One common objection to Christianity goes like this: if God knows what we’re going to do before we do it, how can we have free will?
Free will is the ability to make a choice oneself, rather than to be determined by someone else to make your choice. Typically, you don’t have free will unless you are actually able to choose between two live options.
Jane’s hamburger dilemma
To make this easier to think about, let’s create a scenario. Let’s say that, on Tuesday, Jane is faced with the choice either to eat a hamburger or a hot dog. Since this is a free choice, she could choose either one. She ends up choosing the hamburger.
But if God knew on Monday that Jane was going to eat hamburgers, how could Jane have free will? When Tuesday rolls around, Jane will have to choose the hamburger, right? Or, if she had free will, then she could choose an option that would make God wrong.
So this makes it seem that God’s foreknowledge is not compatible with free will.
What is knowledge?
However, the argument above makes a basic mistake. That’s because it misunderstands what knowledge is.
What is the relationship between a fact and knowledge of the fact? Simply, the knowledge of the fact is contingent, or dependent, on the fact. The only way that I would know that my son’s hair is blond . . . is that my son’s hair is actually blond. My knowledge is not the source of his hair color; his hair color is the source of my knowledge.
So let’s bring this into the story of Jane’s hamburger, but let’s forget foreknowledge for a bit. On Tuesday, Jane chooses to eat a hamburger, when she could have chosen to eat a hot dog instead. Jane’s coworker Alex sees Jane eat the hamburger, so he knows which one she chose.
Now, does Alex’s knowledge of Jane’s choice mean that Jane couldn’t have eaten a hot dog instead? No. Jane’s choice was free-willed. She could have chosen either one. It’s just that she did choose the hamburger, and so that’s why Alex knows that she did.
Now let’s imagine that Jane chose the hot dog instead. Would Alex know that she ate the hamburger, if Jane in fact ate the hot dog? Of course not. Since Alex’s knowledge is contingent on Jane’s action, Alex will know what Jane eats, whether it is the hot dog or the hamburger.

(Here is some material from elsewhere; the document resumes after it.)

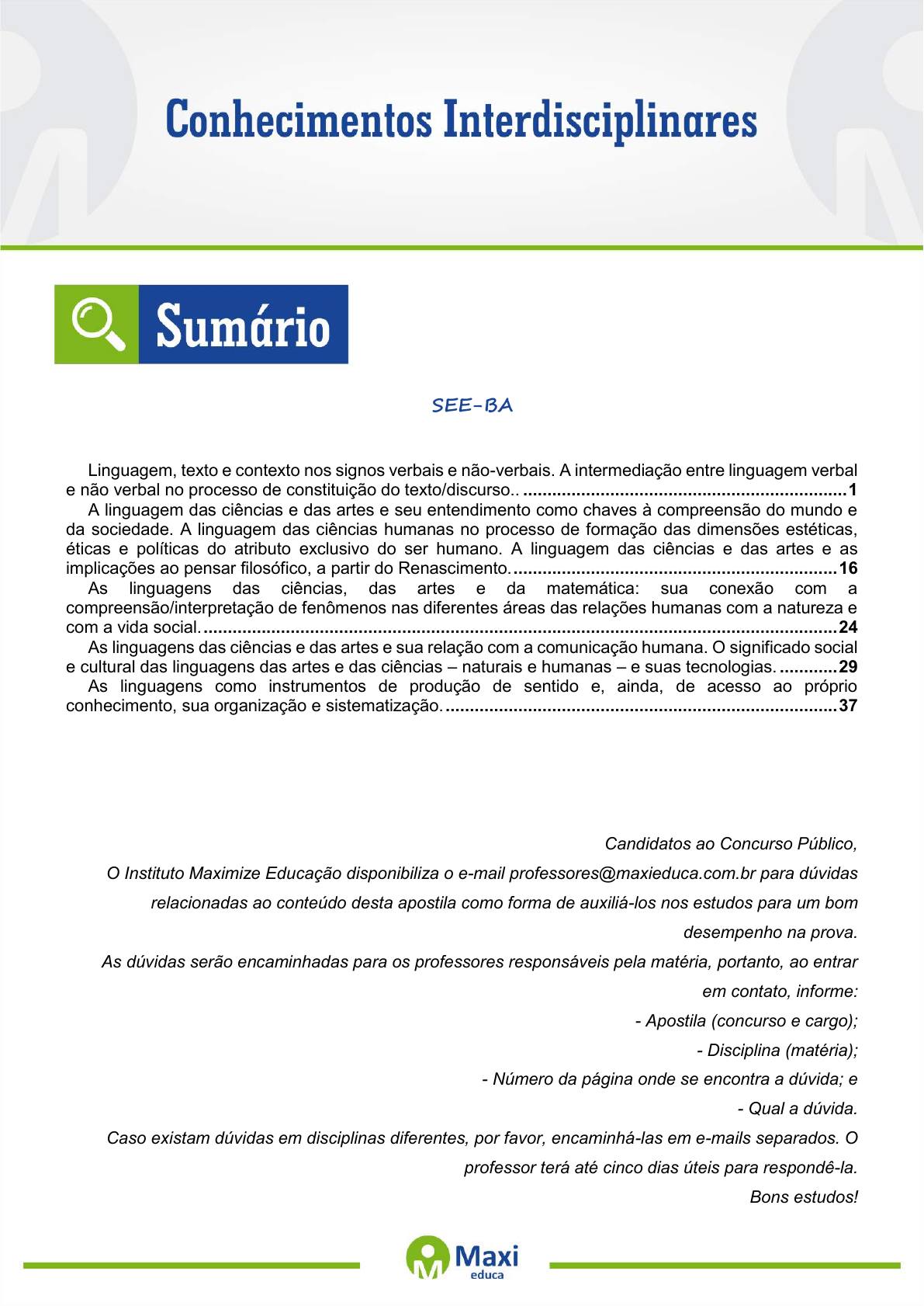 . 1 SEE-BA Linguagem, texto e contexto nos signos verbais e não-verbais. A intermediação entre linguagem verbal e não verbal no processo de constituição do texto/discurso.. ................................................................... 1 A linguagem das ciências e das artes e seu entendimento como chaves à compreensão do mundo e da sociedade. A linguagem das ciências humanas no processo de formação das dimensões estéticas, éticas e políticas do atributo exclusivo do ser humano. A linguagem das ciências e das artes e as implicações ao pensar filosófico, a partir do Renascimento. ................................................................... 16 As linguagens das ciências, das artes e da matemática: sua conexão com a compreensão/interpretação de fenômenos nas diferentes áreas das relações humanas com a natureza e com a vida social. ................................................................................................................................... 24 As linguagens das ciências e das artes e sua relação com a comunicação humana. O significado social e cultural das linguagens das artes e das ciências – naturais e humanas – e suas tecnologias. ............ 29 As linguagens como instrumentos de produção de sentido e, ainda, de acesso ao próprio conhecimento, sua organização e sistematização. ................................................................................. 37 Candidatos ao Concurso Público, O Instituto Maximize Educação disponibiliza o e-mail professores@maxieduca.com.br para dúvidas relacionadas ao conteúdo desta apostila como forma de auxiliá-los nos estudos para um bom desempenho na prova. As dúvidas serão encaminhadas para os professores responsáveis pela matéria, portanto, ao entrar em contato, informe: - Apostila (concurso e cargo); - Disciplina (matéria); - Número da página onde se encontra a dúvida; e - Qual a dúvida. Caso existam dúvidas em disciplinas diferentes, por favor, encaminhá-las em e-mails separados. O professor terá até cinco dias úteis para respondê-la. Bons estudos! 1381340 E-book gerado especialmente para DIEGO SALES DE OLIVEIRA . 1 Caro(a) candidato(a), antes de iniciar nosso estudo, queremos nos colocar à sua disposição, durante todo o prazo do concurso para auxiliá-lo em suas dúvidas e receber suas sugestões. Muito zelo e técnica foram empregados na edição desta obra. No entanto, podem ocorrer erros de digitação ou dúvida conceitual. Em qualquer situação, solicitamos a comunicação ao nosso serviço de atendimento ao cliente para que possamos esclarecê-lo. Entre em contato conosco pelo e-mail: professores@maxieduca.com.br Linguagem Como instrução geral, podemos dizer que uma hipótese interpretativa é aceitável sempre que o texto apresenta pista ou pistas que a confirmam e sustentam. O texto abaixo é bastante apropriado. “Aquela senhora tem um piano. Que é agradável, mas não é o correr dos rios. Nem o murmúrio que as árvores fazem... Por que é preciso ter um piano? O melhor é ter ouvidos E amar a Natureza.” Que simboliza o piano no poema? Dentro do contexto que se insere o piano, representa um bem cultural, o que se percebe pela oposição que o texto estabelece entre o som do piano (bem cultural) e o correr dos rios e o murmúrio das árvores (bens naturais). O poema descarta a necessidade do piano, dando preferência à fruição dos sons da Natureza. O que é a linguagem? É qualquer e todo sistema de signos que serve de meio de comunicação de ideias ou sentimentos através de signos convencionados, sonoros, gráficos, gestuais etc., podendo ser percebida pelos diversos órgãos dos sentidos, o que leva a distinguirem-se várias espécies ou tipos: visual, auditiva, tátil, etc., ou, ainda, outras mais complexas, constituídas, ao mesmo tempo, de elementos diversos. Os elementos constitutivos da linguagem são, pois, gestos, sinais, sons, símbolos ou palavras, usados para representar conceitos de comunicação, ideias, significados e pensamentos. Embora os animais também se comuniquem, a linguagem verbal pertence apenas ao Homem. Não se devem confundir os conceitos de linguagem e de língua. Enquanto aquela (linguagem) diz respeito à capacidade ou faculdade de exercitar a comunicação, latente ou em ação ou exercício, esta última (língua ou idioma) refere-se a um conjunto de palavras e expressões usadas por um povo, por uma nação, munido de regras próprias (sua gramática). Noutra acepção (anátomo-fisiológica), linguagem é função cerebral que permite a qualquer ser humano adquirir e utilizar uma língua. Por extensão, chama-se linguagem de programação ao conjunto de códigos usados em computação. O estudo da linguagem, que envolve os signos, de uma forma geral, é chamado semiótica. A linguística é subordinada à semiótica porque seu objeto de estudo é a língua, que é apenas um dos sinais estudados na semiótica. A respeito das origens da linguagem humana, alguns estudiosos defendem a tese de que a linguagem desenvolveu-se a partir da comunicação gestual com as mãos. Posteriores alterações no aparelho fonador, os seres humanos passaram a poder produzir uma variedade de sons muito maior do que a dos demais primatas. De acordo com Kandel apesar das dificuldades de se apontar com precisão quando ou como a linguagem evoluiu há certo consenso quanto a algumas estruturas cerebrais constituírem-se como pré- requisitos para a linguagem e que estas parecem ter surgido precocemente na evolução humana. Segundo esse autor essa conclusão foi atingida após exame dos moldes intracranianos de fósseis humanos. Na maioria dos indivíduos o hemisfério esquerdo é dominante para a linguagem; a área cortical da fala do lobo temporal (o plano temporal) é maior no hemisfério esquerdo que no direito. Visto que os giros e sulcos importantes deixam com frequência impressões no crânio, o registro f
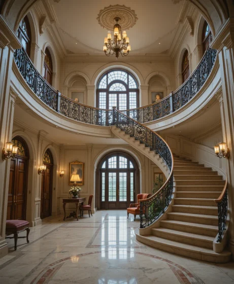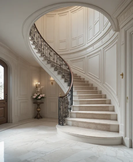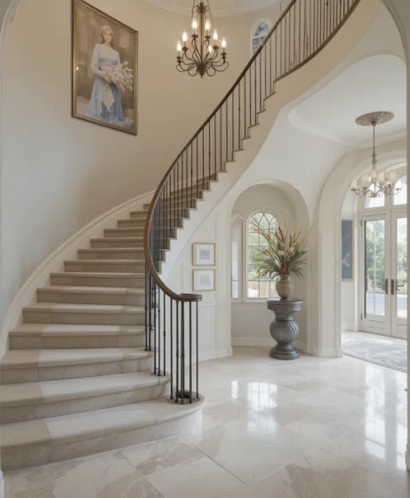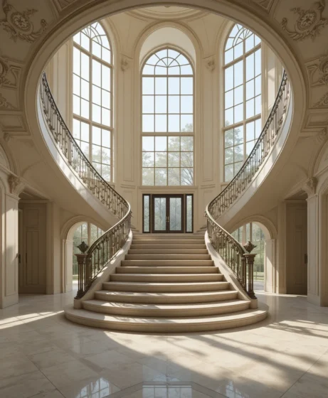 Using soft neutral tones like ivory, beige, and warm gray allows the curved staircase to remain the star of the entryway. Neutral colors also create a calm and sophisticated atmosphere.

Alex’s knowledge doesn’t mean that Jane didn’t have free will. It just means that she freely chose the hamburger rather than the hot dog.
What is foreknowledge?
Okay. Now let’s say that Alex walks out of the office this same day, Tuesday, and goes home. On the side, he’s an inventor, and he happens to have just perfected a time machine. He steps in it, twiddles the knobs, and goes back to Monday.
So now, it is Monday, and Alex knows what is going to happen on Tuesday. He knows that Jane is going to eat the hamburger. He has foreknowledge, or knowledge that comes from before the event.
Did something just change with Jane’s choice? Did her choice suddenly stop being free, now that Alex traveled into the past? No. Alex’s foreknowledge isn’t what causes her to eat the hamburger—it’s her own free will. Instead, her choice is the source of Alex’s foreknowledge.
It’s still true that Jane could have chosen the hot dog. But what would have happened if she had chosen the hot dog? Simply, the foreknowledge that Alex carries into the past would be that Jane ate the hot dog.
Now that we’re back to Monday, Jane could be going to choose to eat the hot dog. It’s just that she won’t. If she were going to choose to eat the hot dog, then Alex would know that instead of knowing that she is going to eat the hamburger.
That’s the way God can know future free-willed choices. The choices are the source for his knowledge, not the other way around. If the choices were going to be different, God’s knowledge would therefore be different, because the source of his knowledge would be different.